Figure 8.13 Competition between two laboratory populations of Paramecium with similar requirements.

Example 2 of the competitive exclusion principle or Gause s principle: Geospiza spp. We can go to Darwin's finches again to see examples of character displacement on the Galapagos Islands. Members of the genus Geospiza are wide spread among the islands. Geospiza fortis, for example, is found alone on Daphne Island, while G. fulginosa is found alone on Crossman Island. Both ground-feeding birds are about the same size. On Charles and Chatham Islands, on the other hand, the species co-exist. Although G. fortis is about the same size as their relatives on Daphne, G. fulginosa is considerably smaller than their neighbors on Crossman. The shift in size allows the G. fortis to feed on smaller seeds, thus avoiding competition with the larger G. fortis on Charles and Chatham. This and other documented cases of character displacement suggest that competition is important in shaping ecosystems.

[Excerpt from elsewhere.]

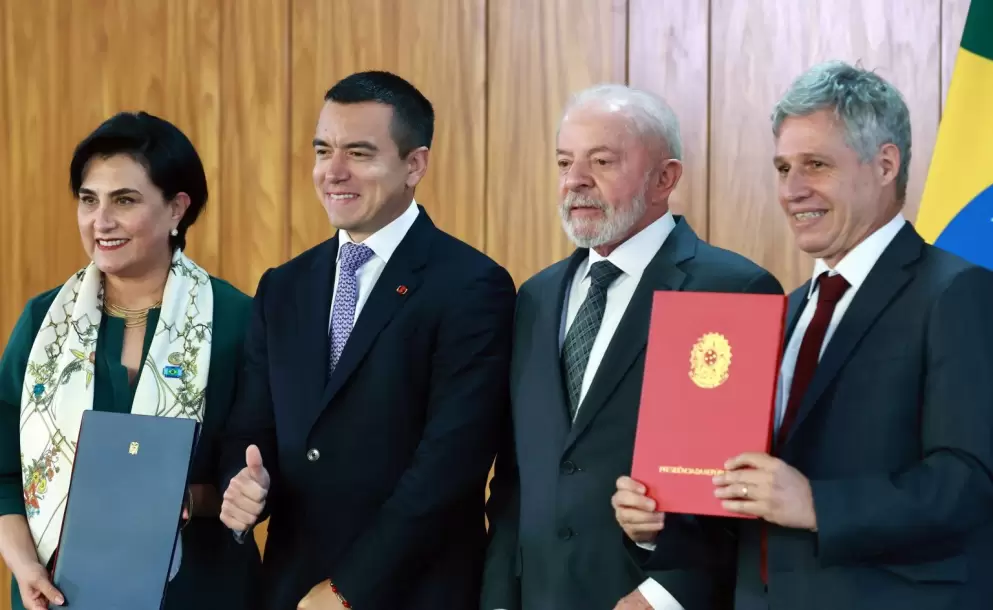 En el marco de su gira internacional, el presidente Daniel Noboa se reunió con su homólogo brasileño, Luiz Inácio Lula da Silva, en Brasilia. Durante el encuentro, se firmaron acuerdos de cooperación en tres sectores estratégicos: lucha contra el hambre y la pobreza, inteligencia artificial y políticas de agricultura familiar.

Displacement is interpreted as evidence of historical competition.

Example 3 of the competitive exclusion principle or Gause s principle: squirrels in England (http://www.saburchill.com/IBbiology/chapters02/035.html) The red squirrel (Sciurus vulgaris) is native to Britain but its population has declined due to competitive exclusion, disease, and the disappearance of hazel coppices and mature conifer forests in lowland Britain. The grey squirrel (Sciurus carolinensis) was introduced to Britain in approximately 30 sites between 1876 and 1929. It has easily adapted to parks and gardens replacing the red squirrel. Today's distribution is shown below in Figure 8.14.

Grey Squirel

Red Squirel

Grey Squirel

Red Squirel

Figure 8.14 Actual distribution of two Sciurus species in Britain.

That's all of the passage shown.